OS | Windows11 Home(64bit) |
CPU | インテル® Core™ Ultra 5 125H、Core™ Ultra 7 155H、Core™ Ultra 9 185H |
メモリ | 16GB~32GB LPDDR5X-7467MHz (オンボード) |
ストレージ | 512~1TB GB SSD, M.2 PCIe-NVMe Gen 4 TLC |
液晶(IPS) | 14インチ 2.8K液晶 (2880 x 1800) IPS, 光沢なし, マルチタッチ非対応, 100%sRGB, 400 nit, 120Hz, ブルーライト軽減パネル |
液晶(OLED) | 14インチ 2.8K OLED(有機ELディスプレイ) (2880 x 1800) 光沢あり, マルチタッチ非対応, HDR500, 100%DCI-P3, 400 nit, 120Hz |
重量 | 約 1.46kg |
サイズ | 約 312x221x15.99mm(最薄部) |
バッテリー | 84Whr 動画再生時 約 10.4 時間・アイドル時 約 24.9 時間 |
価格 | 12万円台~ |
こちらの機種は、Intel Cora Ultra 7 155Hの性能を十二分に引き出している機種だったので、こちらも比較対象にします。
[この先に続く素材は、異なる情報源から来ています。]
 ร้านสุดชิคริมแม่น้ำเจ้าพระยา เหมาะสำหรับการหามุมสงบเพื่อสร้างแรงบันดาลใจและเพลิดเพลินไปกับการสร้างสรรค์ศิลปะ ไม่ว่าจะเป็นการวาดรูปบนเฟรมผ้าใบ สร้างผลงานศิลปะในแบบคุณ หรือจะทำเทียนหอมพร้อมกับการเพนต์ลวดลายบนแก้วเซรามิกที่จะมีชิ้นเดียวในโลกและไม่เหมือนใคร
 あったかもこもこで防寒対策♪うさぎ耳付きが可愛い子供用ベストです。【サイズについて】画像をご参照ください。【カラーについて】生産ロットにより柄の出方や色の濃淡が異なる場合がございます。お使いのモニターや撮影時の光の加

Intel Cora Ultra 2シリーズと1シリーズの違い
私が実機レビューしたCPUは
Intel Core Ultra 7 155H
Intel Core Ultra 7 258V
の2つになります。
Intel Core Ultra 7 258Vのほうが新しい世代で、2シリーズと呼ばれているものです。
2シリーズのほうが単純に性能が上がっているかというとそうではありません。
Intel Core Ultra 2シリーズは、AI性能と省電力性能を向上させて、ピーク性能はむしろ1シリーズより落としているので、バッテリー持ちと実用領域での性能を重視したCPUです。
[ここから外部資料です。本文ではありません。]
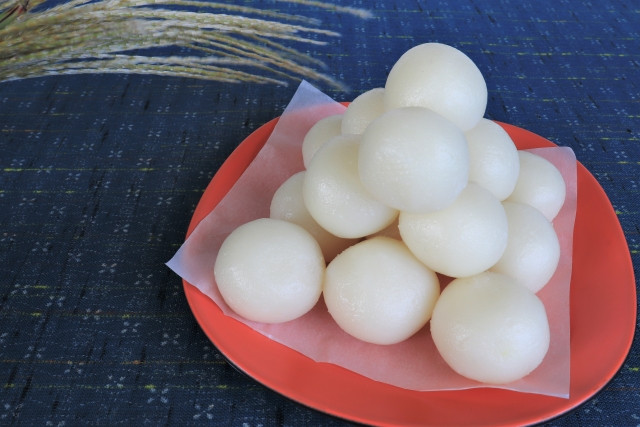 츠키미당고(月見団子)는 십오야의 가장 대표적인 음식으로 십오야와 관련된 사진이나 일러스트에 반드시 빠지지 않고 등장합니다. 달의 신에게 감사하며, 장수와 건강, 다음 해의 풍년을 기원하는 의미를 갖고 있습니다. ‘십오야’에는 15개, ‘십삼야’에는 13개의 당고를 담습니다. 가을에 수확되는 쌀을 가루로 빻아 동그란 달 모양의 떡을 만들었던 것이 츠키미당고의 유래. '三方(산보)'라고 하는 공양물을 올리는 작은 나무 상에 흰 종이를 깔고 삼각형이 되도록 쌓습니다. 예전에는 큰 당고가 길하다고 여겨져 4.5cm 크기로 만들었다고 합니다.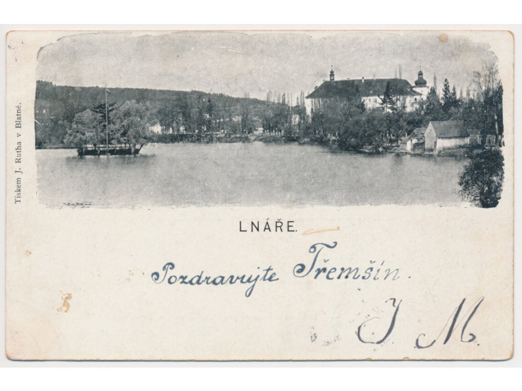60 - Strakonicko, Lnáře, pohled na zámek od zámeckého rybníku, cca 1898
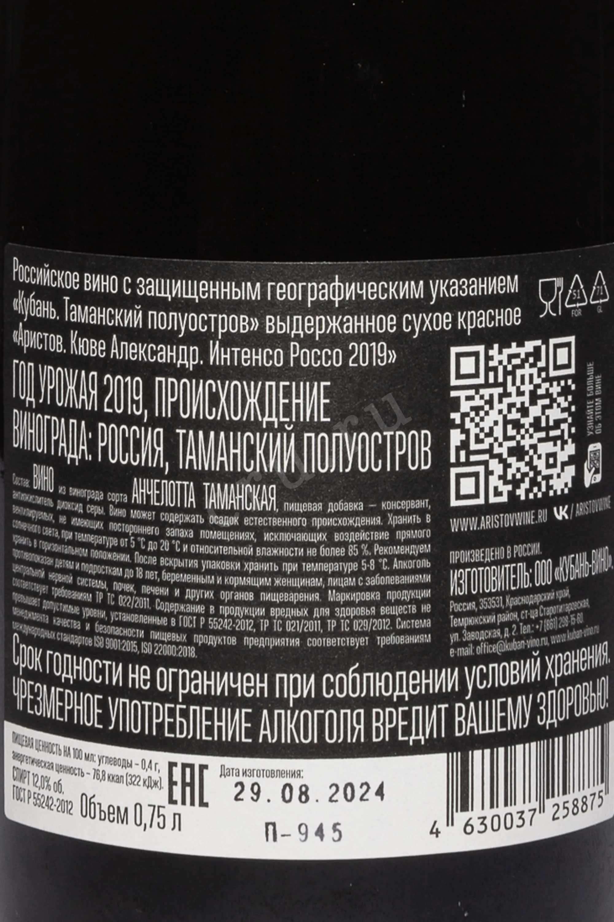 Красное сухое вино Аристов Кюве Александр Интенсо Россо 2019 года 0,75 л — насыщенное и выразительное, созданное из редкого сорта Анчелотта Таманская, выращенного на солнечных склонах Таманского полуострова. Почвы здесь богаты минералами, а климат мягкий и сухой, что позволило ягодам вызреть равномерно и набрать оптимальный уровень сахаров — 20–22%. Урожай 2019 года оказался особенно удачным: теплая весна и сухое лето обеспечили идеальные условия для зрелости винограда. Винифицировались целые грозди, без гребнеотделения. Ферментация протекала при контролируемой температуре до 25 °C с последующим яблочно-молочным брожением. После этого вино выдерживали 6 месяцев в стали и 30 месяцев в дубе, что придало напитку округлость и глубину. Интенсо Россо отличается богатым вкусом, шелковистой структурой и сложным ароматом, раскрывающимся с каждым глотком. Вино имеет потенциал для выдержки и с годами становится еще более многослойным.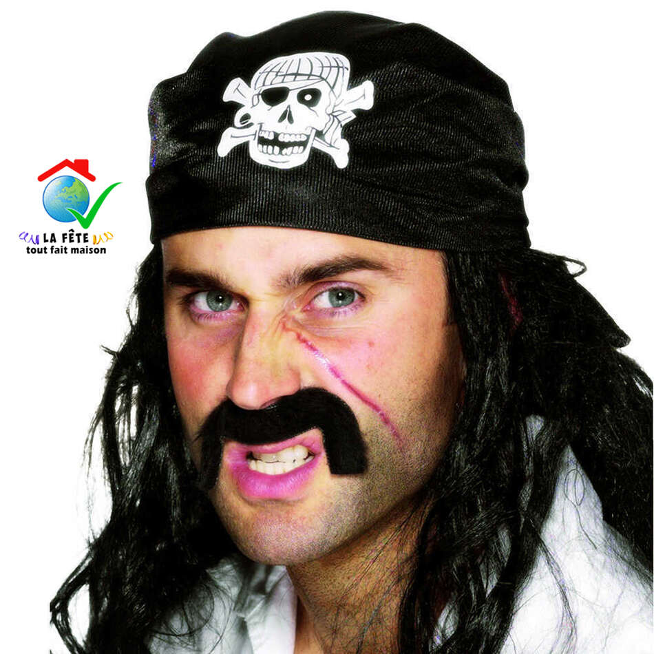 chapeau calot couvre-chef bandana de pirate tête de mort foulard bandeau madras carré de tissu noir et blanc corsaire flibustier jack sparrow capitaine crochet bandit squelette accessoire de déguisement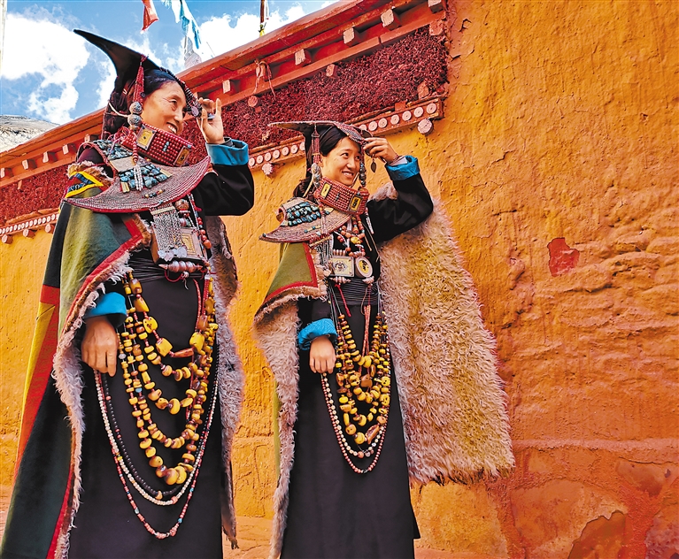 一大早,19歲的少女巴桑倉決和表姐巴桑普赤就開始整理各自傳承的“飛天服”。她們打開箱子,拿出精致的衣袍、披風和綴滿珠寶的頭飾、項鏈,鄭重地穿戴在身上。當整套“飛天服”呈現在眾人眼前時,大家無不為之驚嘆。
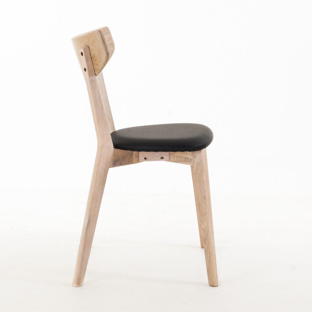 Ami is vervaardigd van massief eikenhout en de ronde rugleuning geeft goede steun. Bovendien zorgt de beklede zitting van PU leer voor urenlang zitplezier. Door zijn tijdloze uiterlijk zul je niet snel uitgekeken raken op de stoel en is deze bovendien breed inzetbaar. Geef zowel je woon-, -eet, als slaapkamer een Scandinavische touch met deze comfortabele en stijlvolle stoel. De eetkamerstoel is in meerdere kleuren beschikbaar, er is dus altijd een kleur die bij jou past!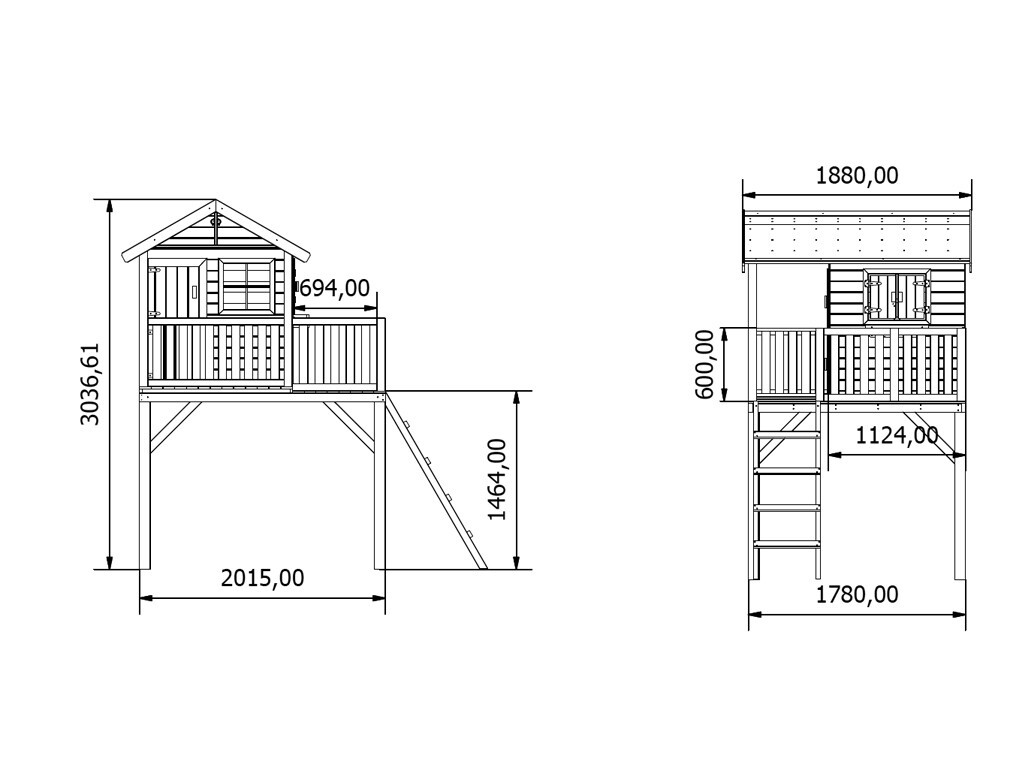 Speelhuis funny XXLis voorzien van een overdekte veranda en een groot balkon en is te bereiken via een houten ladder. Het ruime speelhuis biedt binnen voldoende ruimte voor bijvoorbeeld een kinderkeuken of een tafel.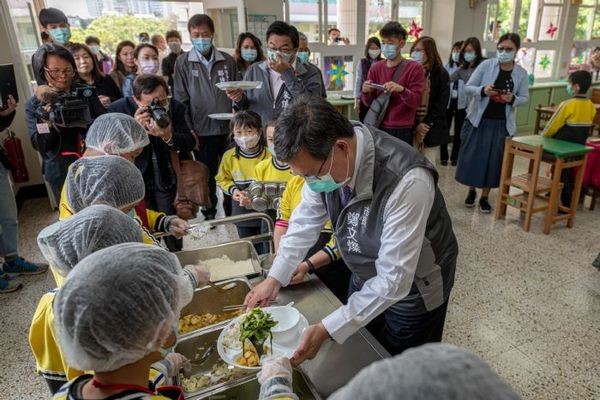 ▲鄭文燦打菜時一句「打菜同學都有戴帽套、口罩和手套吧?」立被後方小二女學童糾正「市長,不能講話!」。(圖/市府提供)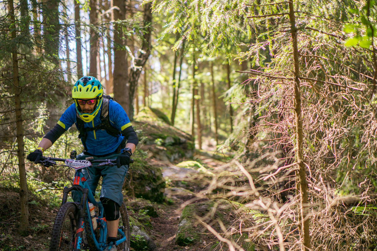 Transfer zpátky na hřeben ke startu RZ2, který se nacházel nedaleko jedničky, byl naveden z drtivé většiny po místních singláčích a nebyl příliš dlouhý ani náročný. Přesto jsem se v bundě cestou vzhůru docela zapotil. Snad to bude v neděli bez deště, toto navrstvení mě při šlapání úplně nebaví, a jelikož jedu bez batohu, tak nemám jednotlivé vrstvy ani kam odkládat.

ベンチマークでのスコアは、むしろ1シリーズよりも落ちる傾向にありました。
まとめますと2シリーズの特徴は以下です。
- 2シリーズはAI性能が大幅向上している。ただ現状で使い道なし・・・
- 2シリーズは省電力性能が向上している。ただ1シリーズとそこまで大きな違いは感じない。
- 2シリーズはピーク性能は落ちるが実用域での性能は向上している。
- 2シリーズはグラフィック性能がわずかに向上している。
以下詳しく解説していきます。
AI性能の大幅向上。ただ現状使い道なし・・・
2
Intel Core Ultraシリーズでは、NPUという、AI処理に特化したプロセッサを搭載しています。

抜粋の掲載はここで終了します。